A May 15 letter writer reminds me that recently we've been hearing a lot of whining from conservative commentators over President Clinton's right to attend services at the Vietnam Memorial in Washington.

I wonder if we would hear similar cries of outrage if Pat Robertson had won his bid for the presidency; according to some biographies, Robertson avoided combat duty in Korea because his influential father pulled some strings. If this proved to be true, would these same commentators bring this to our attention? Call me a cynic but somehow I doubt it.

By the same token, will right-wing commentators take note of the fact that the American Civil Liberties Union is defending Eden Jacobowitz over his "water buffalo" remark at the University of Pennsylvania? I doubt that as well. I've heard nary a peep from them when the ACLU has defended anti-abortion protestors' right of free speech.

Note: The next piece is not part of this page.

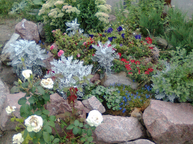 На небольшом возвышении земли с камнями у основания прекрасно будут смотреться седум (2-3 вида), красочные розетки молодила и многолетний алиссум (виды — серебристый, скальный, горный).

I guess in these peoples' case, if you can't be fair, you might as well be consistent.

Steve Stiles


Magnet Schools

The arbitrary and capricious decision by Baltimore County Executive Roger Hayden to withdraw funds from the proposed magnet Sudbrook Middle School just several months shy of its opening is outrageous, short-sighted and racially provocative.

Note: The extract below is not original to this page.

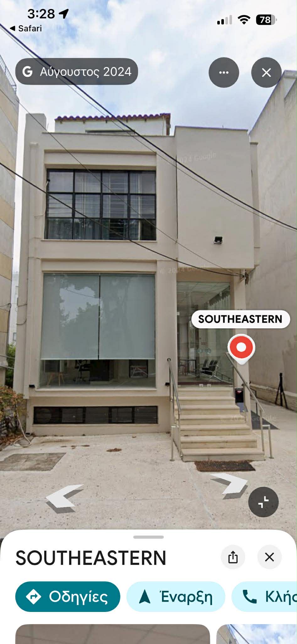 Το ΕΡΓΑΣΤΗΡΙ που σπούδασες είναι αυτό που φαίνεται το καταστατικό του στις φωτογραφίες 5-6-7-8 ως Μονοπρόσωπη ΕΠΕ με το ονομα «ΤΡΙΣΚΕΛΙΩΝ, η οποία εχει και άδεια σνακ μπαρ ; Το κτήριο αυτού του «ΜΟΡΦΩΤΙΚΟΥ ΟΡΓΑΝΙΣΜΟΥ»είναι αυτό στην φωτογραφία 4 στην Πατριάρχου Ιερεμιου 17 στην Αθηνα; Εκεί σπούδασες ; Σε αυτην την πολυκατοικία; Και πότε;». Σε μία αναζήτηση στο διαδίκτυο, βρίσκει κανείς ότι υπάρχει ένας ιστότοπος με αναφορά σε southeastern college στη χώρα μας, το οποίο εμφανίζει ως έδρα διεύθυνση στην Αγία Παρασκευή. Το λιτό κτήριο του είναι αυτό:

The magnet school concept is long overdue in Baltimore County. It is a concept which seeks excellence in students and teachers. It teaches to strengths. It provides equal opportunity to people of all races and creeds to seek the school which fits the student best. It provides the opportunity for parents to choose a magnet school over a private school.

The current system of school districts, supported by Mr. Hayden and his mentor, former Superintendent Robert Dubel, only further teach to the lowest common denominator student and perpetuate racially separated schools and racial conflict.

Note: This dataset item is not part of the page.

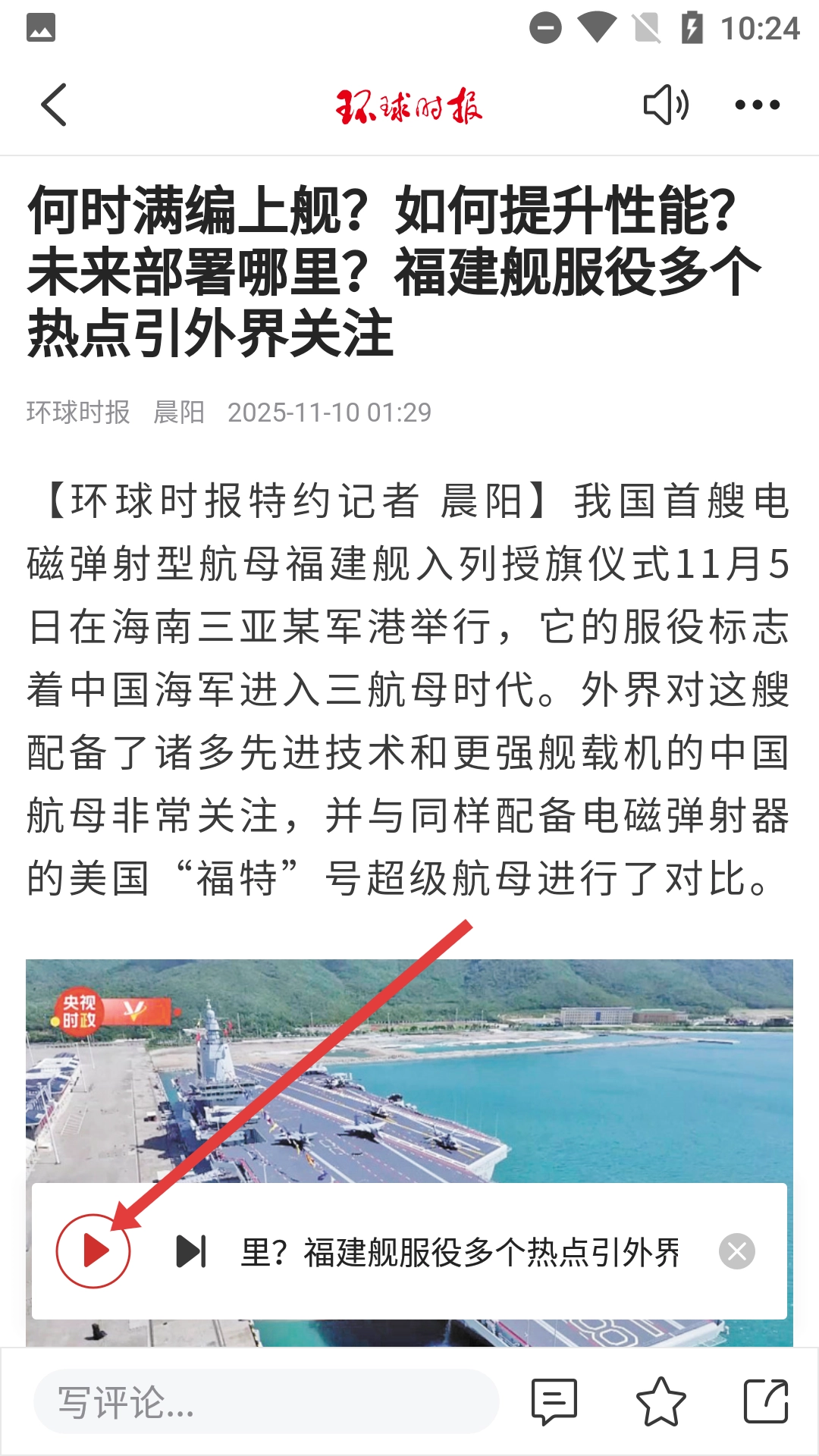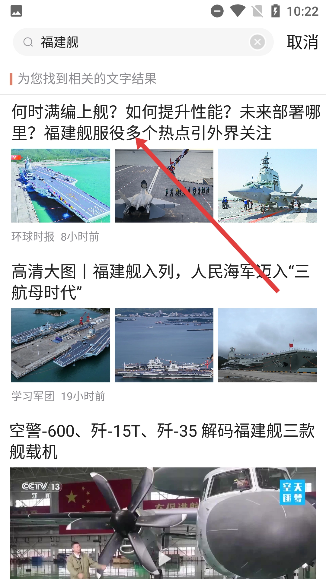 在搜索结果里点击你感兴趣的文章标题,比如有关福建舰的热点文章,就能进入文章的详情页面。

While I understand that many in the Hayden administration were officials under the former education regime, it is still beyond me how Mr. Hayden can continue to ignore increasing enrollments, bureaucratic education and racial uneasiness.

I urge Mr. Hayden to retreat from his position and let the school system change. The citizens of Baltimore County cannot afford to let the school system stagnate. It must change if our students are to be competitive in higher education and in the marketplace.

Lawrence A. LaMotte

Owings Mills

The writer is a member of the Maryland House of Delegates.

City's Victims

I agree in principle with Mayor Schmoke's plan to require future Baltimore City workers to reside in the city. However, the mayor must legislate and enforce strong housing laws to protect both homeowners and renters who desire to work and live in Baltimore City.

Recently, I made a unilateral decision to work and live in the city after 30 years of living abroad and in other American cities.

A year ago in April, I purchased a condominium through a city homeownership project. Our family looked forward to being able to participate in the life of an old, historic community. However, our dreams were shattered by the problems we experienced with the builders of our condo.

We are now the victims of a city housing program. For more than one year we have been trying to have the builders and the local sponsors of the project honor their contract warranties.

Baltimore City has many home ownership programs, but they are poorly administered. Our condo is an example.

Carole Owens Lupunga


The Free Enterprise System Can Work

I read the "Memo to Hillary: Try a Single-Payer Plan" by Spyros Andreopoulos (Opinion * Commentary, March 23).

I am constantly amazed at the number of individuals who fail to recognize the premise that America is built on the free enterprise system.

The system is not perfect and requires legislative intervention at times to maintain fairness; however, the suggestion that government bureaucracy is the answer to our health care "crisis" is way off the mark.

How can anyone refer to our government as a more efficient alternative to manage our health care system? We are $4 trillion in debt and growing by the minute.

Let's set the record straight. The insurance industry, on its own, did not make health insurance cheaper for the healthy and more expensive for those in poor health.

The businesses and individuals demanded lower costs because our citizens pressured carriers to lower costs for those who had little or no claims. There is no magic in this in that they, of course, had to raise costs for the unhealthy. Unfortunately over time, the competition for healthy insureds became intense, thereby costing the unhealthy more and more.